General Service Technician Careers

A general service technician does various maintenance duties in the machinery and automotive industries. You are responsible for installing new products and testing them to verify they are working properly.

Also, diagnosing problems and coming up with solutions to repair them is part of your job description. It is expedient to also build and maintain relationships with customers. This will enable you to be able to educate clients on how to use and maintain their devices.

A high school diploma or GED is needed for this role. You must also be available to work at any time of the day as needed. An impressive work ethic is also required of you. In addition to this, you must be at least 18 years and possess a valid driver's license. You will earn $25,947 on average in a year.

What Does a General Service Technician Do

Automotive service technicians and mechanics, often called service technicians or service techs, inspect, maintain, and repair cars and light trucks.

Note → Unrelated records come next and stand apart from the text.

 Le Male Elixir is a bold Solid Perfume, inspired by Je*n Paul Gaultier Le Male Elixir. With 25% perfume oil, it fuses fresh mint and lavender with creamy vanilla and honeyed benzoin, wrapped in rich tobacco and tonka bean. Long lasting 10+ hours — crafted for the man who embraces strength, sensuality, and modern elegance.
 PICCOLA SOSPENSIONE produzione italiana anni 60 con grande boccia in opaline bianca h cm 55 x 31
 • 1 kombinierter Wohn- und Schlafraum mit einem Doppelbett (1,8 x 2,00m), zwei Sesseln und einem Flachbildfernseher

Automotive service technicians and mechanics typically do the following:

  • Identify problems, often by using computerized diagnostic equipment
  • Plan work procedures, using charts, technical manuals, and experience
  • Test parts and systems to ensure that they work properly
  • Follow checklists to ensure that all critical parts are examined
  • Perform basic care and maintenance, including changing oil, checking fluid levels, and rotating tires
  • Repair or replace worn parts, such as brake pads, wheel bearings, and sensors
  • Perform repairs to manufacturer and customer specifications
  • Explain automotive problems and repairs to clients

Although service technicians work on traditional mechanical systems, such as engines, transmissions, and drivebelts, they must also be familiar with a growing number of electronic systems. Braking, transmission, and steering systems, for example, are controlled primarily by computers and electronic components.

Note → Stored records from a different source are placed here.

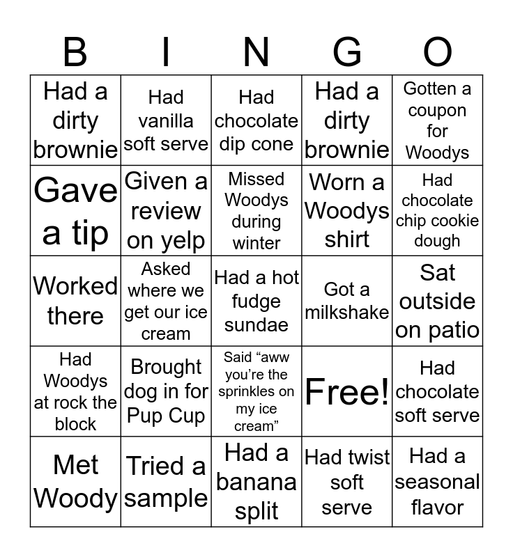 This bingo card has 25 words: Brought dog in for Pup Cup, Had a banana split, Missed Woodys during winter, Met Woody, Gotten a coupon for Woodys, Had a dirty brownie, Gave a tip, Had vanilla soft serve, Got a milkshake, Said “aww you’re the sprinkles on my ice cream”, Worn a Woodys shirt, Worked there, Free!, Had chocolate soft serve, Given a review on yelp, Had a seasonal flavor, Sat outside on patio, Had chocolate dip cone, Had chocolate chip cookie dough, Asked where we get our ice cream, Had a hot fudge sundae, Tried a sample, Had Woodys at rock the block, Had a dirty brownie and Had twist soft serve.
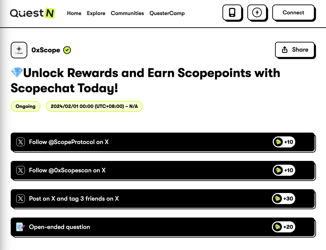 4. [Twitter Quest](https://docs.scopechat.ai/points-and-referrals/scopepoints-tasks#galxe-quest) (+2 Scopepoints)
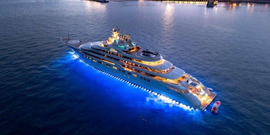 Η θαλαμηγός Dilbar, μήκους 156 μέτρων, κατασχέθηκε στο λιμάνι του Αμβούργου, κατά τις πληροφορίες του Φορμπς.
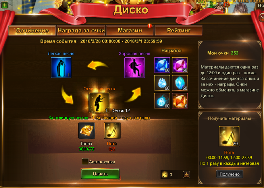 С 28 февраля по 1 марта весь Элизиум окунется в ритм «Диско»! Сочиняйте мелодии для крылатых красавиц и получайте ценные вещи, ресурсы и предметы события, которые можно обменять в магазине на наборы развития героев и редкие расходники. Лидеры рейтинга ивента, набравшие от 2000 очков, смогут получить мистические кристаллы, которые можно использовать в горячем событии «Мистический обмен».
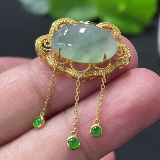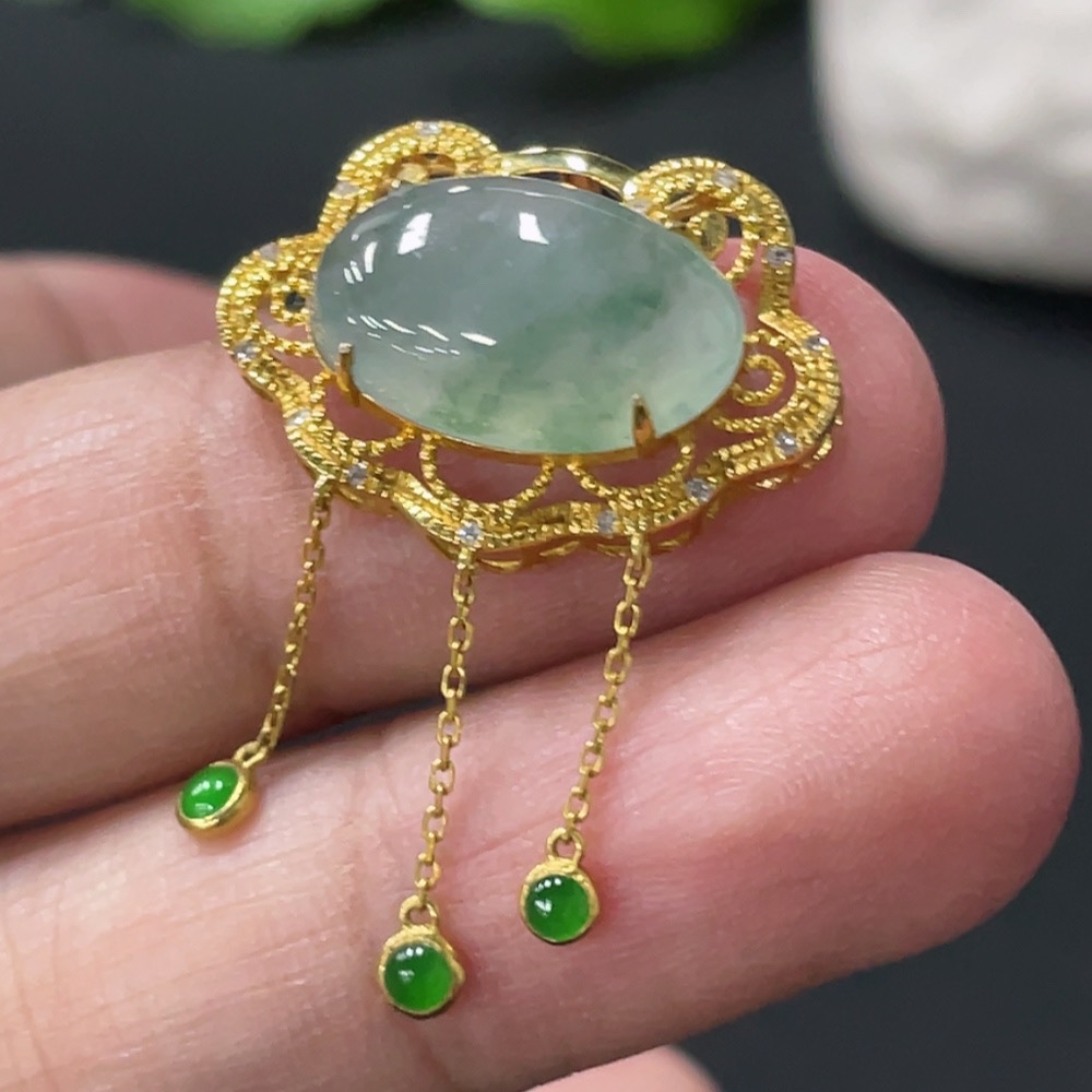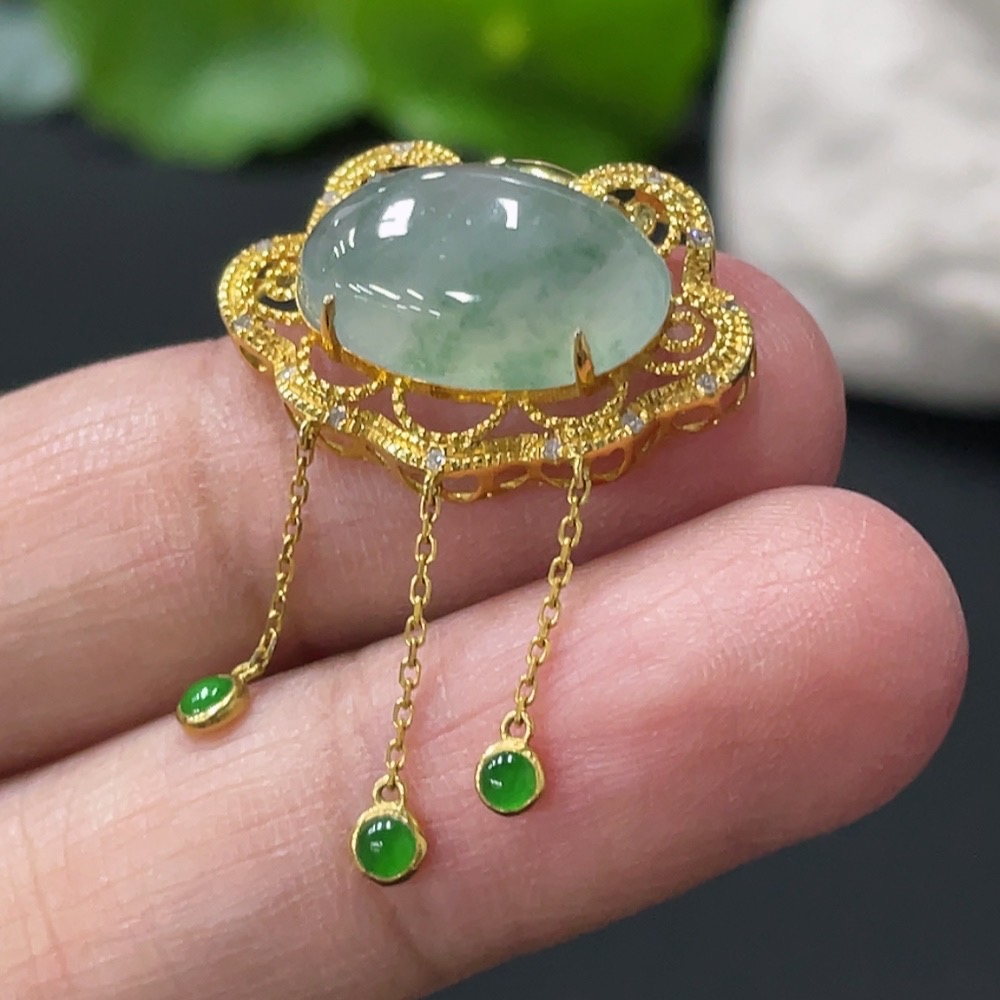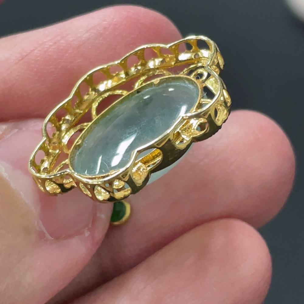 Jadeite Cabochon Pendant with 18K Gold Setting, Total Weight Approx. 2.64g

Other integrated electronic systems, such as accident-avoidance sensors, are becoming common as well. In addition, a growing number of technicians are required to work on vehicles that consume alternative fuels, such as ethanol and electricity.

Service technicians use many different tools, including computerized diagnostic tools and power tools such as pneumatic wrenches, lathes, welding torches, and jacks and hoists. These tools usually are owned by their employers.

Service technicians also use many common hand tools, such as wrenches, pliers, and sockets and ratchets. Service technicians generally own these tools themselves. In fact, experienced workers often have thousands of dollars invested in their personal tool collection. For example, some invest in their own set of pneumatic tools—such as impact wrenches—powered by compressed air.

The following are examples of types of service technicians:

Automotive air-conditioning technicians install and repair air-conditioners and parts, such as compressors, condensers, and controls. These workers must be trained and certified in handling refrigerants.

Brake technicians diagnose brake system problems, adjust brakes, replace brake rotors and pads, and make other repairs on brake systems. Some technicians specialize in both brake and front-end work. (See “Front-end technicians.”) 

Drivability technicians, also known as diagnostic technicians, use their extensive knowledge of engine management and fuel, electrical, ignition, and emissions systems to diagnose issues that prevent engines from performing efficiently. They often use the onboard diagnostic system of a car and electronic testing equipment such as scan tools and multimeters to find the malfunction.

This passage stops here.